If I run with -opt:0 from the command line, then the query fails saying orders.xml does not exist, and thereby showing that the unused variable $doc_node has not been eliminated.

If I change it so $doc_node binds to literal XML, the -explain output tells us:

OPT : At line 38 of file:/Users/mike/bugs/2019/4339-coravu/xqueryDebug/testSequenceTypes.xquery
OPT : Pre-evaluated function call fn:boolean(...)
OPT : Expression after rewrite: true()
OPT : At line 38 of file:/Users/mike/bugs/2019/4339-coravu/xqueryDebug/testSequenceTypes.xquery
OPT : Pre-evaluated function call fn:boolean(...)
OPT : Expression after rewrite: true()

showing us that the two calls on fn:boolean() with constant arguments are pre-evaluated despite the presence of the -opt:0 flag. I don't regard that as a bug, though it would be consistent to put that optimization under the control of one of the optimization flags.

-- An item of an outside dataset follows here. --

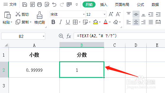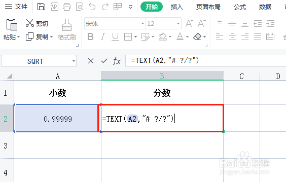 在B2单元格,输入函数公式“=TEXT(A2,"# ?/?")”。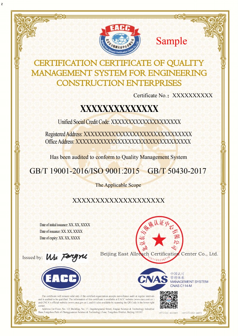 CNAS-QMS英文证书样本(EC9000)

But the -explain output confirms that all the variables are still there; so we need to look more carefully at exactly how you are trying to programmatically achieve the same effect as -opt:0 on the command line.

Could you try and provide a repro that demonstrates a sequence of Java calls equivalent to the calls you are making?

#3 Updated by Michael Kay 11 months ago

For 10.0 I have put the optimization of constant expressions such as boolean(0) under the control of a new optimization flag "n" (CONSTANT_FOLDING) so that -opt:0 will now suppress this.

However, there are still many simple optimizations that cannot be suppressed.

#4 Updated by Michael Kay 11 months ago

  • Category set to Diagnostics
  • Status changed from New to AwaitingInfo
  • Assignee set to Michael Kay

#5 Updated by Radu Coravu 11 months ago

As our XQuery/XSLT debugger code is quite large and convoluted I'm not sure I can come up with sample source code in a decent amount of time.

With the "net.sf.saxon.Configuration" we do in our code something like:

        config.setConfigurationProperty(
            FeatureKeys.OPTIMIZATION_LEVEL,
            new OptimizerOptions(0);

and then later on:

net.sf.saxon.Configuration.setTraceListener(TraceListener)

and after the transformation is started on the trace listener's callback:

net.sf.saxon.lib.TraceListener.enter(InstructionInfo, XPathContext)

we call the code "getXQueryLocalVariables" which was already pasted in the initial email.

#6 Updated by Michael Kay 11 months ago

For the XSLT case I can see potential confusion if the OptimizerOptions defined at Configuratation level and at CompilerInfo level disagree: the many paths seem to be taking the optimizer options from the Configuration level rather than from the CompilerInfo level. But for XQuery, as far as I can see, the effective value of optimizerOptions is always taken directly from the Configuration.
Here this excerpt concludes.